## DATA
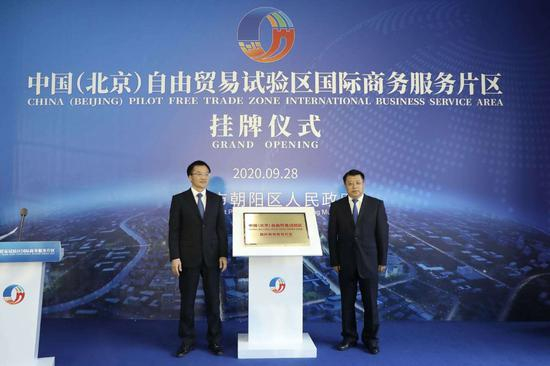 9月28日上午,朝阳区政府、通州区政府、顺义区政府举办了中国(北京)自由贸易试验区国际商务服务片区挂牌仪式。该片区将重点发展数字贸易、文化贸易、商务会展、医疗健康、国际寄递物流、跨境金融等产业,打造临空经济创新引领示范区。
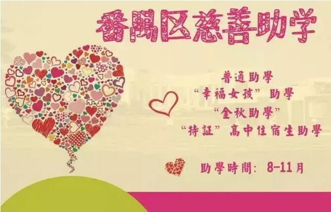 為切實幫助番禺區困難家庭子女解決上學問題,充分發揮番禺區慈善會的慈善救助職能,區慈善會定于8月-11月開展慈善助學工作。
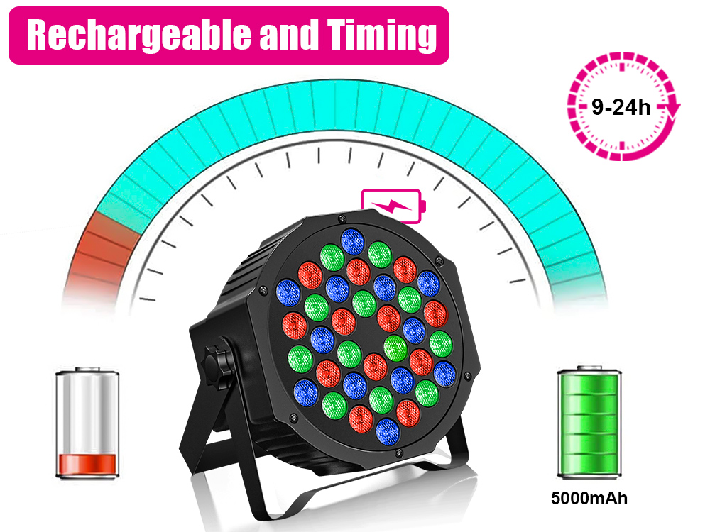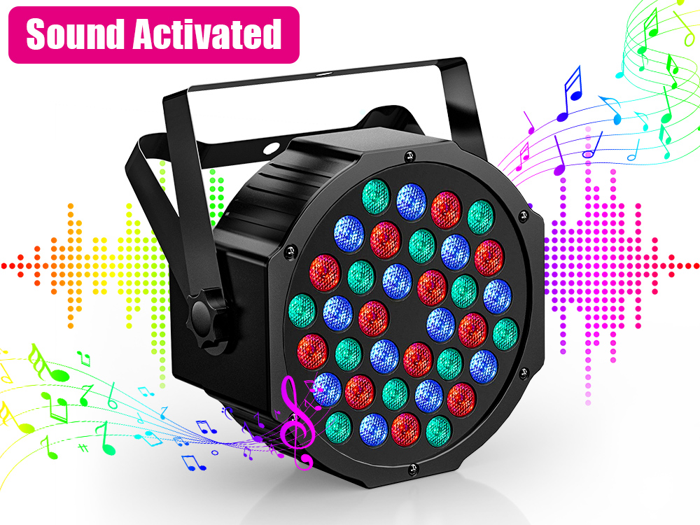 4. Color-changing LED stage lights. Equipped with 36 super-bright and soft tricolor RGB LEDs, it can provide vivid colors for the space, all in white at full brightness.
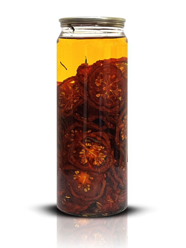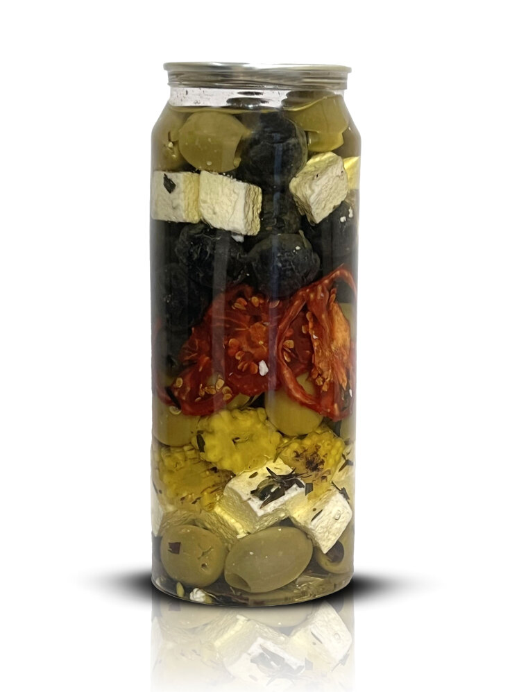 خانواده محصولات در روغن: ترکیب لوکس زیتون و پنیر (اوبا)، گوجه خشک اسلایس شده و زیتون و سیر در روغن.
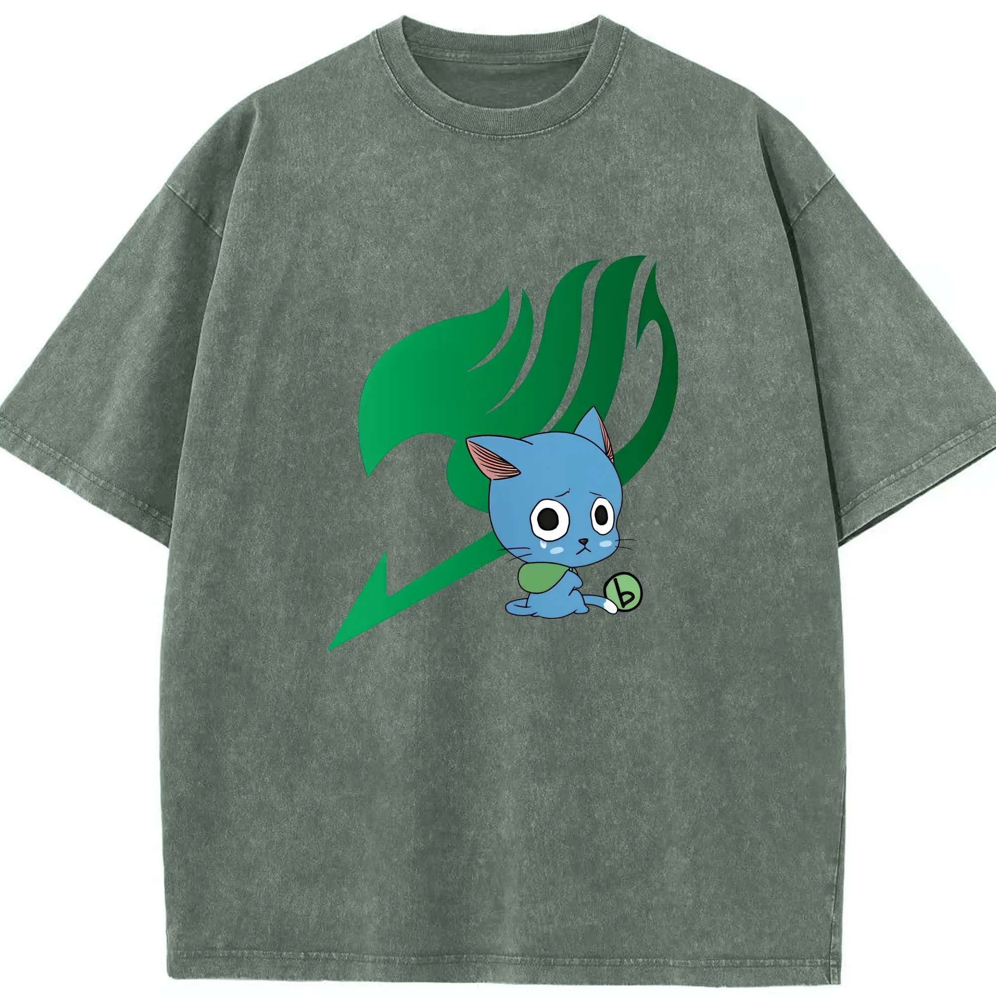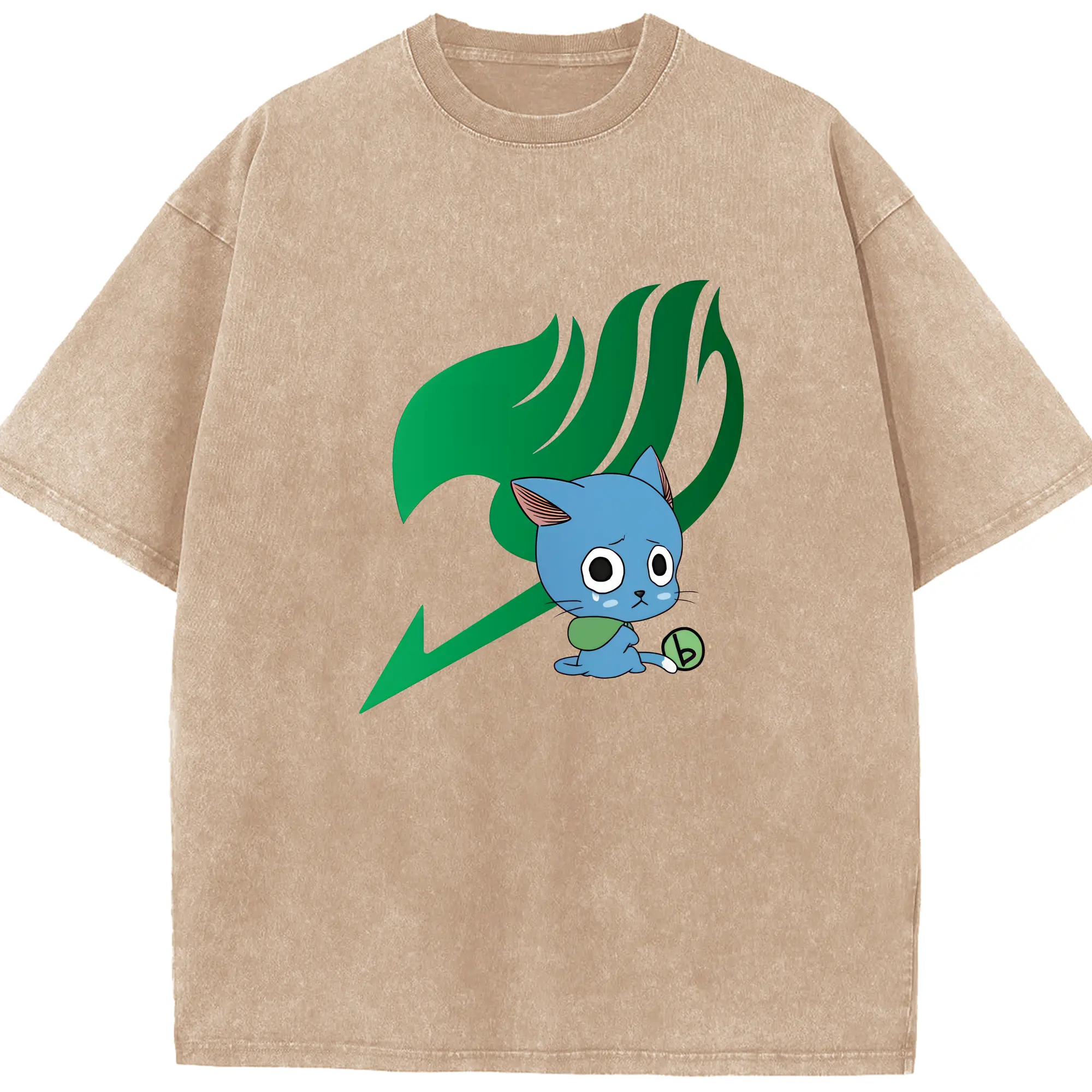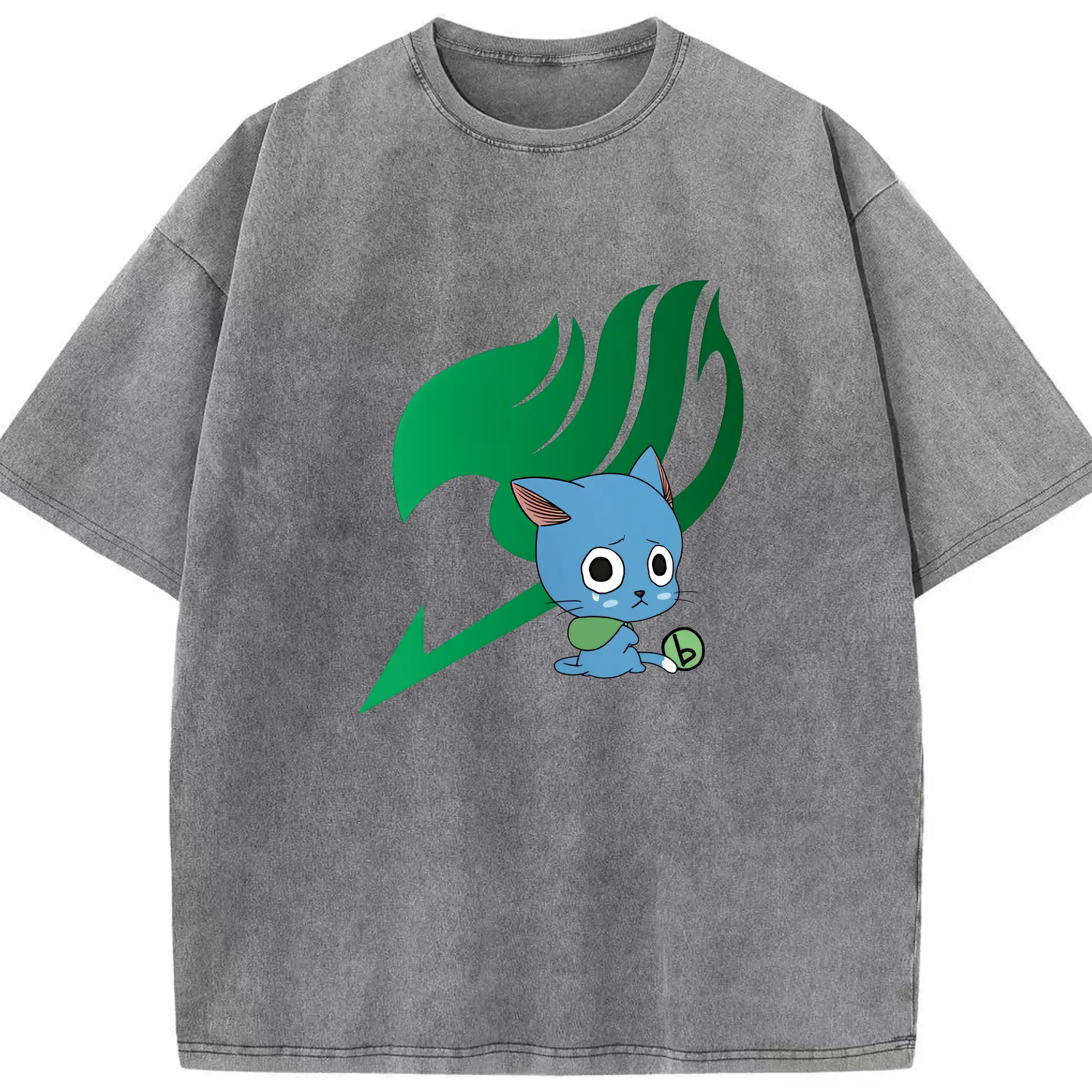 フェアリーテイル グッズ ハッピー - 綿100% ヴィンテージ風 半袖Tシャツ ・ 背面プリント ・ 柔らか肌触り ・ 通気性 快適 ・ スポーツ カジュアル 外出用

## EXERCISE GOAL
From the line with "為切實幫助番禺區困難家庭子女" up to and including the line with "خانواده محصولات در" above, retype every line exactly and nothing more; leave out the pictures.

## SOLUTION TO THIS TASK
 為切實幫助番禺區困難家庭子女解決上學問題,充分發揮番禺區慈善會的慈善救助職能,區慈善會定于8月-11月開展慈善助學工作。
 4. Color-changing LED stage lights. Equipped with 36 super-bright and soft tricolor RGB LEDs, it can provide vivid colors for the space, all in white at full brightness.
 خانواده محصولات در روغن: ترکیب لوکس زیتون و پنیر (اوبا)، گوجه خشک اسلایس شده و زیتون و سیر در روغن.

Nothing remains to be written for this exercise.